◆ **DATA FOR THIS TASK**
::::::::::

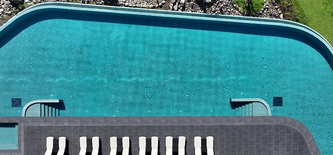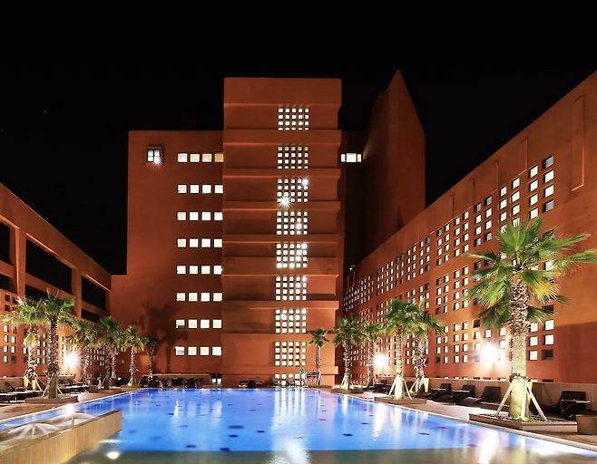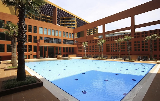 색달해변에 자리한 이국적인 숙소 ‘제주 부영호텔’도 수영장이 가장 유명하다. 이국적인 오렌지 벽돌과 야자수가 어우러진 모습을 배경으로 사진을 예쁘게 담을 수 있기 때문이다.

::::::::::

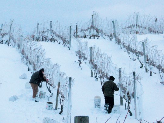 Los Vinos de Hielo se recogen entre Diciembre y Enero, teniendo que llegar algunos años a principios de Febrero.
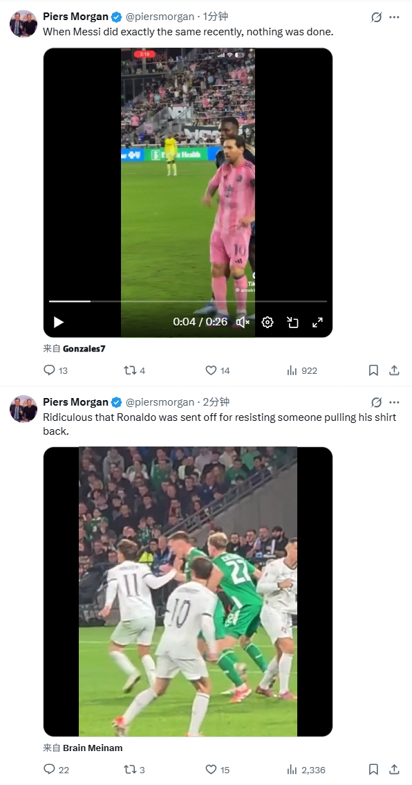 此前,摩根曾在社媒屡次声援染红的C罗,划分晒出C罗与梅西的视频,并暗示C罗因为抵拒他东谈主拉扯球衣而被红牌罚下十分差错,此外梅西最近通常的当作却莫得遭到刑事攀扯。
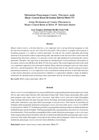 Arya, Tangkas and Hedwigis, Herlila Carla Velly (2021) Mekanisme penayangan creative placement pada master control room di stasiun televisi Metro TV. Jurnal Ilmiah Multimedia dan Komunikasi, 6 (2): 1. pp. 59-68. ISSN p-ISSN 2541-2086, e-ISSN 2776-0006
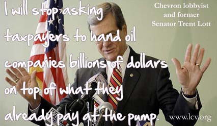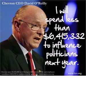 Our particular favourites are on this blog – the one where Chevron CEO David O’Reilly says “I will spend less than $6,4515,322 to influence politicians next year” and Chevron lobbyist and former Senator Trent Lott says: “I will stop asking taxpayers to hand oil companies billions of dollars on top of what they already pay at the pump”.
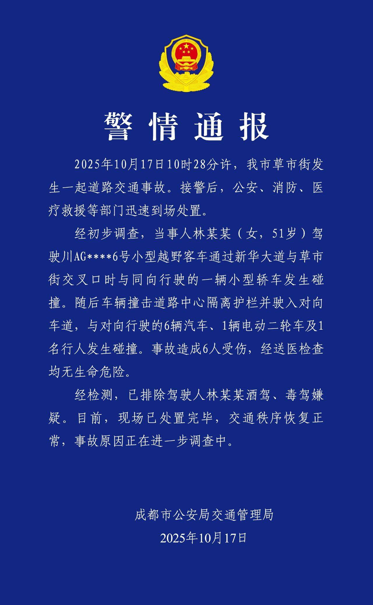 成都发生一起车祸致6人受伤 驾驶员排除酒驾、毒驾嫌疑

::::::::::

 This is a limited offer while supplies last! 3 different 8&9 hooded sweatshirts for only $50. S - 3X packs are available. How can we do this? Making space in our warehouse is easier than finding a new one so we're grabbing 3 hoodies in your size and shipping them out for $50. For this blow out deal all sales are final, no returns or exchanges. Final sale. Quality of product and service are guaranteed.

::::::::::

◆ **HOW TO COMPLETE THIS TASK**
Your copy should hold only the lines above from the one containing "此前,摩根曾在社媒屡次声援染" through the one containing "成都发生一起车祸致6人受伤 驾驶员排除酒驾、毒驾嫌疑", exactly as written and free of pictures.

◆ **ANSWER SPACE**
 此前,摩根曾在社媒屡次声援染红的C罗,划分晒出C罗与梅西的视频,并暗示C罗因为抵拒他东谈主拉扯球衣而被红牌罚下十分差错,此外梅西最近通常的当作却莫得遭到刑事攀扯。
 Arya, Tangkas and Hedwigis, Herlila Carla Velly (2021) Mekanisme penayangan creative placement pada master control room di stasiun televisi Metro TV. Jurnal Ilmiah Multimedia dan Komunikasi, 6 (2): 1. pp. 59-68. ISSN p-ISSN 2541-2086, e-ISSN 2776-0006
 Our particular favourites are on this blog – the one where Chevron CEO David O’Reilly says “I will spend less than $6,4515,322 to influence politicians next year” and Chevron lobbyist and former Senator Trent Lott says: “I will stop asking taxpayers to hand oil companies billions of dollars on top of what they already pay at the pump”.
 成都发生一起车祸致6人受伤 驾驶员排除酒驾、毒驾嫌疑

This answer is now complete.